Mr. Merriam has done the labor of scouring the hidden layer beneath the very tip top of the Pro Tour lists to bring you the rogue brews beneath! And holy cow is this a rogue brew! Talk about thinking outside the box!

Over the weekend of a Pro Tour, it’s the most popular decks and those that make the top 8 that end up on camera and get the most hype in the coming weeks. But with so many great players in one room and so many decklists published, there are often some hidden gems lurking for those who are willing to look for them.

Fortunately for the rest of you, I’ve already done that work and come up with a couple I’m going to feature today and Friday.

Today’s comes from Team Genesis member and former Pro Tour Champion Lukas Blohon. When you see Goryo’s Vengeance you automatically have to think combo deck, as Grishoalbrand is one of the fastest and most powerful combo decks around. However, the way this deck plays out makes it much more like a midrange deck than one that draws half its deck on turn 2.

For one, there is only a single copy of Griselbrand in the deck. You’re mostly targeting Obzedat, Ghost Council, a creature that can exile itself before Goryo’s Vengeance does meaning it will come back for more and Jace, Vryn’s Prodigy, which should you have a large enough graveyard to immediately transform and keep on the battlefield as a Jace, Telepath Unbound.

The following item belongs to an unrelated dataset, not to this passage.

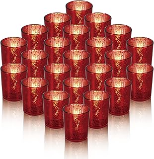奉納キャンドルホルダー マーキュリーガラス ティーライトキャンドルホルダー 48個セット 結婚式やパーティーに最適なセンターピース(赤)

Both Obzedat and Jace do a better job of supporting the non-Goryo’s Vengeance part of the deck, mostly because they’re castable but also because they are great at accruing value over a longer game, which is exactly what a deck filled with discard spells, removal, and Liliana of the Veil wants to do.

Speaking of Liliana of the Veil, that’s the card that best links the two parts of this deck, since it works well with the midrange half while serving as a quality enabler for graveyard shenanigans. Collective Brutality serves a similar dual purpose while being well-positioned against creature decks and Burn.

Also, color me tickled by the presence of Murderous Cut, a very powerful card that has been largely pushed out of Modern by the power of Gurmag Angler and Tasigur, the Golden Fang. This deck has enough threats that you don’t want too many of the delve creatures, leaving space for a single copy of the flexible removal spell.

I love decks that have the potential to go over the top but aren’t at all dependent on doing so, which means players are tempted to side in hate cards that don’t actually shut you down. In a midrange deck looking to trade resources, leaving the opponent with an ineffective sideboard card could make the difference.